WaitSet for Efficiency

Polling wastes CPU cycles. Use WaitSet for efficient event notification:

// ❌ Inefficient polling
while (true)
{
    var sample = subscriber.Receive().Unwrap();
    if (sample != null) ProcessSample(sample);
    Thread.Sleep(1);  // Wasted CPU + latency
}

// ✅ Efficient WaitSet
using var waitset = WaitSetBuilder.New().Create().Unwrap();
using var guard = waitset.AttachNotification(listener).Unwrap();

waitset.WaitAndProcess((id) => {
    if (id.HasEventFrom(guard))
    {
        // Process events...
    }
    return CallbackProgression.Continue;
});

Service Types

Publish-Subscribe

Best for: Continuous data streams, sensor readings, telemetry

┌───────────┐         ┌───────────┐
│ Publisher │────────▶│Subscriber1│
└───────────┘    │    └───────────┘
                 │    ┌───────────┐
                 └───▶│Subscriber2│
                      └───────────┘

Event

Best for: Lightweight notifications, wake-up signals, state changes

┌──────────┐  EventId  ┌──────────┐
│ Notifier │──────────▶│ Listener │
└──────────┘           └──────────┘

Events carry only an ID (ulong), not data payloads.

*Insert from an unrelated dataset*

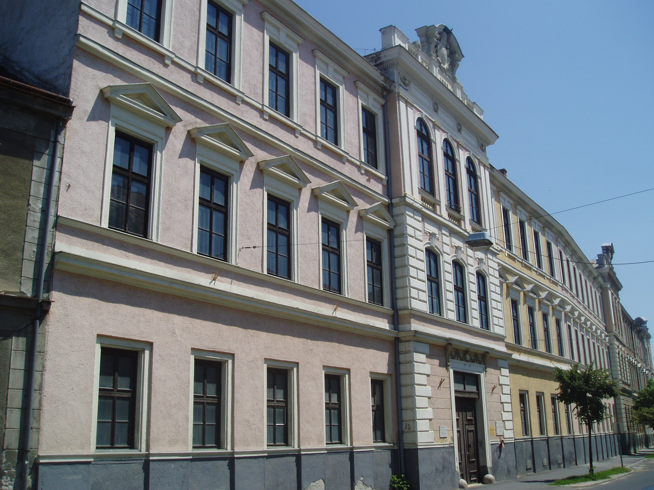 Nyilvános 1394 | 1801 | Sopron, Rákóczi utca 8. | Ebben az épületben működött 1944-ig a Magyar Királyi Zrínyi Ilona Honvédtiszti Leánynevelő Intézet. 1921. december 17-én itt hirdették ki a Sopron sorsát eldöntő népszavazás eredményét. A kép 2008 júniusában készült. |

Use when you need to signal that "something happened" without transferring data.

Request-Response

Best for: RPC, commands, queries

┌────────┐  Request   ┌────────┐
│ Client │───────────▶│ Server │
│        │◀───────────│        │
└────────┘  Response  └────────┘

Clients send requests and wait for responses. Multiple clients can connect to multiple servers.

Domains

Domains provide isolated communication groups. Services in different domains cannot see or communicate with each other.

Use cases:

  • Multi-tenant systems: Isolate customer data
  • Test/Production separation: Run both on same machine
  • Multiple instances: Run same application multiple times

Domains are configured at the iceoryx2 system level, not through the C# API directly. See the iceoryx2 documentation for domain configuration.